As social media gobbles the internet up, there are fewer and fewer places to go that do not involve interaction, or at the very least some random person revealing intensely personal information that you absolutely didn’t need to know. (This newsletter included.) Social media has presented us with the ultimate opportunity to bare not just ourselves, but all the intricacies of our relationships, even and especially ones formed online.
And none of it is any of our fucking business. None of it. The problem is that the entire internet has made it all seem like our business.
This was perhaps less of an issue in social media’s infancy. Your Facebook friends, after all, were your friends in real life; this was simply another way to communicate with them. But as Facebook metastasized, as we began to expand our social (media) circles on Twitter, as we welcomed more strangers into our feeds, onto our phones that we began looking at more and more, we slouched toward an online existence wherein we are deluged daily with shit that is none of our fucking business.

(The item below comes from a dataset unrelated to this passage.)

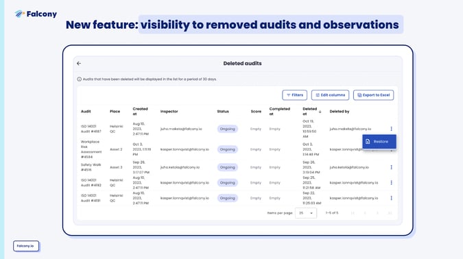 Instead of being able to only look at the deleted items on a list, customers can filter the list, decide which columns to show on the list, sort all those columns as they want and last but not least, restore any of those observations and audits whenever they want.

Other people’s business is all you see now—because social media has consumed our internet use—over and over and over again, and while you may at first be able to remain a casual observer, at some point most people’s brains will give in to the stimuli and go, “Well, guess this is our business.” The lives of people you would, in a social-media-less life, never have known existed will consume increasing amounts of your time and energy. You simply must comment on this thing, because, well, it’s been shoved into your eyeballs for the better part of a day, so it must require a response. I did not need to have an opinion on Bean Dad, but then everyone else did, and I kept seeing it, and then I saw people having opinions about having opinions about Bean Dad, and, well, suddenly it was a subject on which I found myself trying to formulate an opinion.
In the quantum froth of Twitter, beefs explode into being and just as suddenly cease, but the aftereffects ripple throughout the space, ejecting fragments of particles into circles where no one has any connection to the originators. Of course it’s none of your business, but a decade-plus of use has made this the place certain people—like me—get their news and talk to friends, so, well, it certainly feels like you should at least have an opinion about all this.
This is not a phenomenon limited to Twitter’s quantum realm. Millions of people watch YouTube drama channels, wherein the myriad baffling conflicts between YouTube creators is explained, and sides are taken. A few months ago I personally spent no fewer than 10 hours of my life figuring out and then becoming an authority on a person named Shane Dawson, whose existence I had barely been aware of because he is a YouTube person whose entire personality is Being a YouTube Person and that’s not usually something I am interested in.
This is all essentially gossip on a large scale. Everyone loves gossip! Especially when we are unable to do so in-person or attend in-person events that would result in the really good shit (my biggest regret about not being able to have a wedding reception).
Maybe that shouldn’t be the entirety of our internet experience, though. Maybe it’s time to re-train ourselves to reject all this shit that is none of our fucking business.